How can a tree cut down centuries ago could still be alive? Without leaves, a tree is unable to perform photosynthesis, which is how it converts sunlight into sugar for sustenance. The ancient tree was clearly receiving nutrients in some other way — for hundreds of years.
Beneath the mystery lay a fascinating frontier of scientific research, which would eventually reveal that this tree was not unique in its assisted living. Neighboring trees, scientists found, help each other through their root systems — either directly, by intertwining their roots, or indirectly, by growing fungal networks around the roots that serve as a sort of extended nervous system connecting separate trees. If this weren’t remarkable enough, these arboreal mutualities are even more complex — trees appear able to distinguish their own roots from those of other species and even of their own relatives. 
Art by Judith Clay from Thea’s Tree
Wohlleben ponders this astonishing sociality of trees, abounding with wisdom about what makes strong human communities and societies:
Why are trees such social beings? Why do they share food with their own species and sometimes even go so far as to nourish their competitors? The reasons are the same as for human communities: there are advantages to working together.

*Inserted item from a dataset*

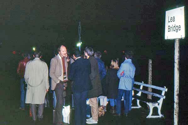 Crowds have gathered at Lea Bridge station on evening in March 1985 as a local acoustic punk-folk band, Aunt Fortescue's Bluesrockers played a gig on the platform to highlight the station’s plight and bad service and forthcoming closure.

A tree is not a forest. On its own, a tree cannot establish a consistent local climate. It is at the mercy of wind and weather. But together, many trees create an ecosystem that moderates extremes of heat and cold, stores a great deal of water, and generates a great deal of humidity. And in this protected environment, trees can live to be very old. To get to this point, the community must remain intact no matter what. If every tree were looking out only for itself, then quite a few of them would never reach old age. Regular fatalities would result in many large gaps in the tree canopy, which would make it easier for storms to get inside the forest and uproot more trees. The heat of summer would reach the forest floor and dry it out. Every tree would suffer. 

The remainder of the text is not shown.